__RECORDED INFORMATION__.
----
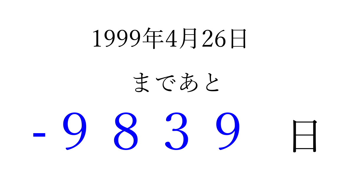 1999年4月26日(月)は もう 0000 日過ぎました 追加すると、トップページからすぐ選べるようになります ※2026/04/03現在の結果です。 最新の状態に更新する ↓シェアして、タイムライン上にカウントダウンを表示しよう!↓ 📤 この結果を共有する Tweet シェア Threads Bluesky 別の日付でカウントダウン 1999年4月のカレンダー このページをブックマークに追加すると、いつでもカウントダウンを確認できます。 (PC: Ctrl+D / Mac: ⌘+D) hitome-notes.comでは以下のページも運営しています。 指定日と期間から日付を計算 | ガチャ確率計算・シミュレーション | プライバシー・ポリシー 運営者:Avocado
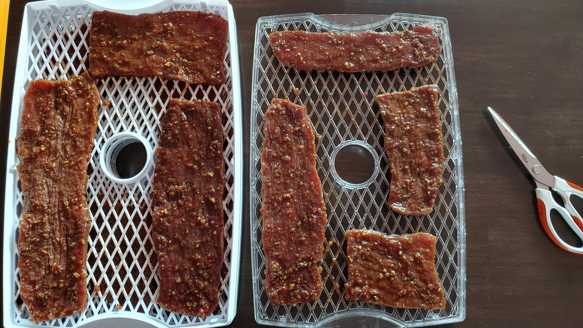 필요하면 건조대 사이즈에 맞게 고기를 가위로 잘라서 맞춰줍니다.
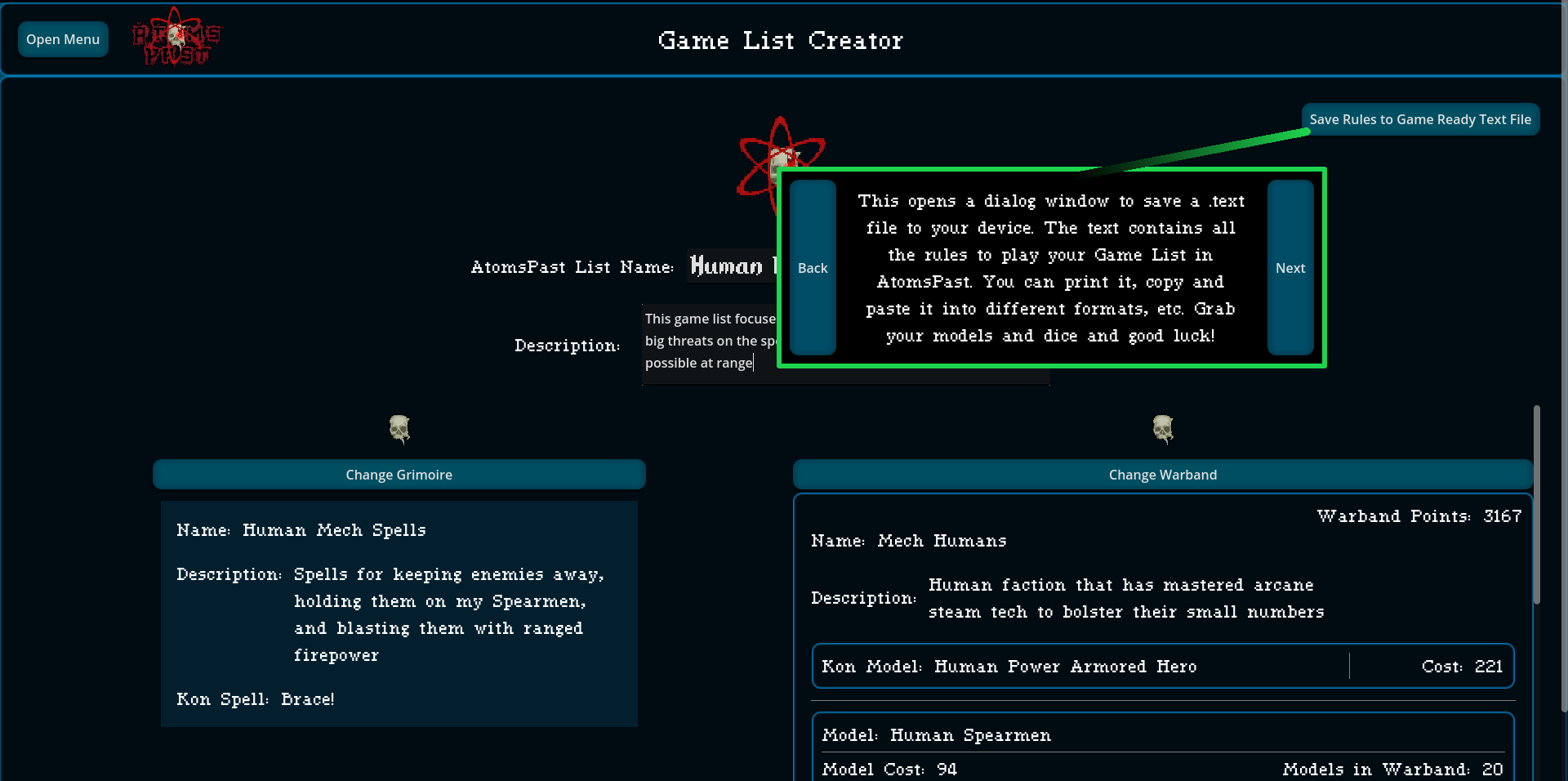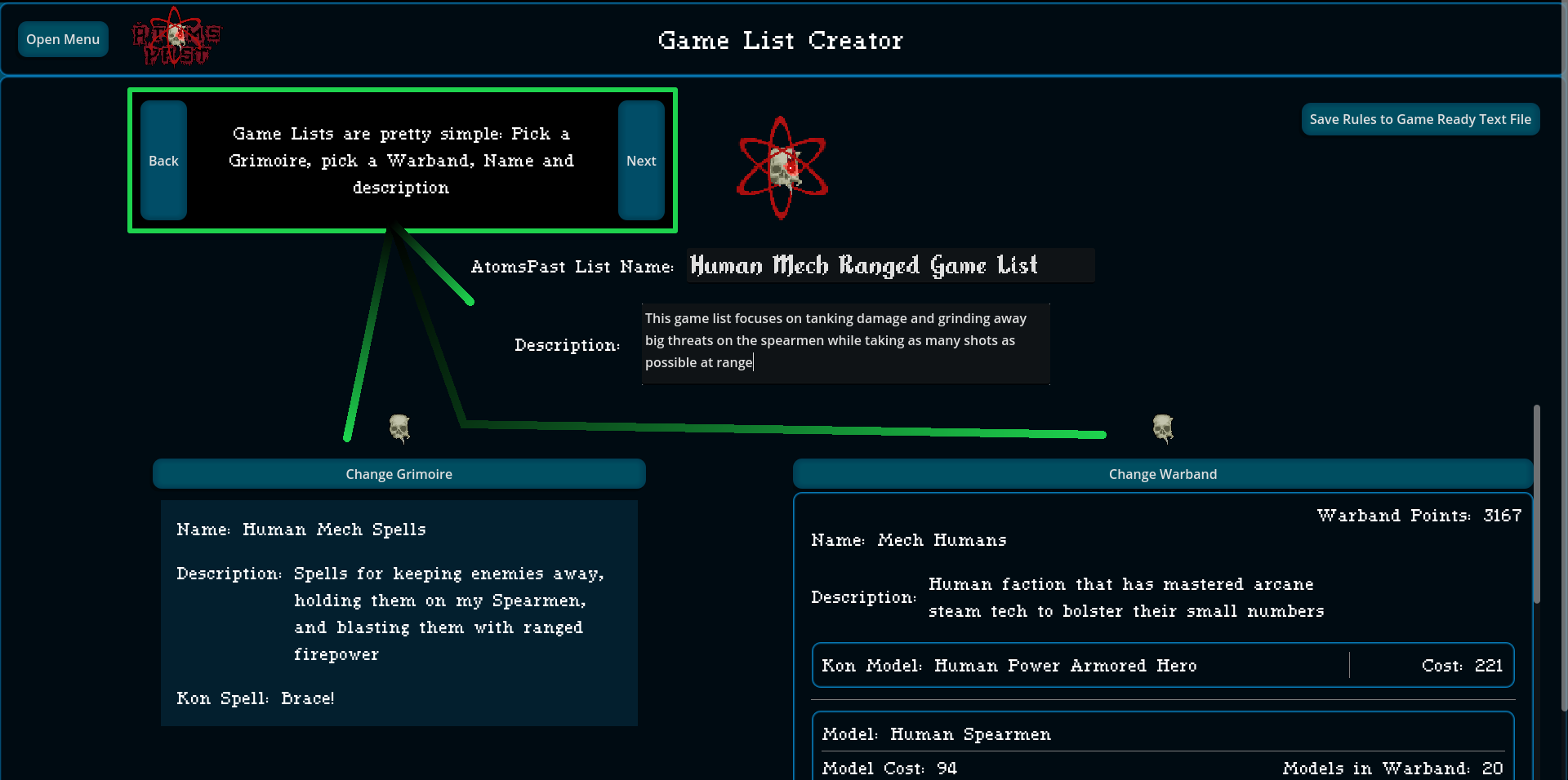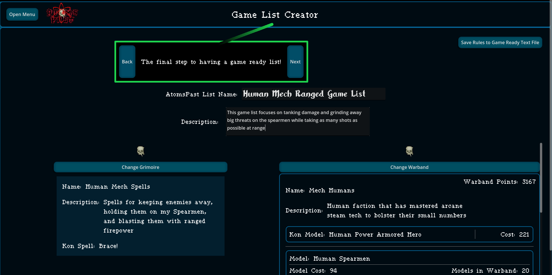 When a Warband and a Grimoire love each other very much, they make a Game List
----
__WORK TO BE COMPLETED__.
Repeat, word for word and with no pictures, only the lines running from the beginning of the data to the line that contains "필요하면 건조대 사이즈에 맞게 고기를 가위로 잘라서 맞춰줍니다.".

__EXERCISE OUTPUT__.
 1999年4月26日(月)は もう 0000 日過ぎました 追加すると、トップページからすぐ選べるようになります ※2026/04/03現在の結果です。 最新の状態に更新する ↓シェアして、タイムライン上にカウントダウンを表示しよう!↓ 📤 この結果を共有する Tweet シェア Threads Bluesky 別の日付でカウントダウン 1999年4月のカレンダー このページをブックマークに追加すると、いつでもカウントダウンを確認できます。 (PC: Ctrl+D / Mac: ⌘+D) hitome-notes.comでは以下のページも運営しています。 指定日と期間から日付を計算 | ガチャ確率計算・シミュレーション | プライバシー・ポリシー 運営者:Avocado
 필요하면 건조대 사이즈에 맞게 고기를 가위로 잘라서 맞춰줍니다.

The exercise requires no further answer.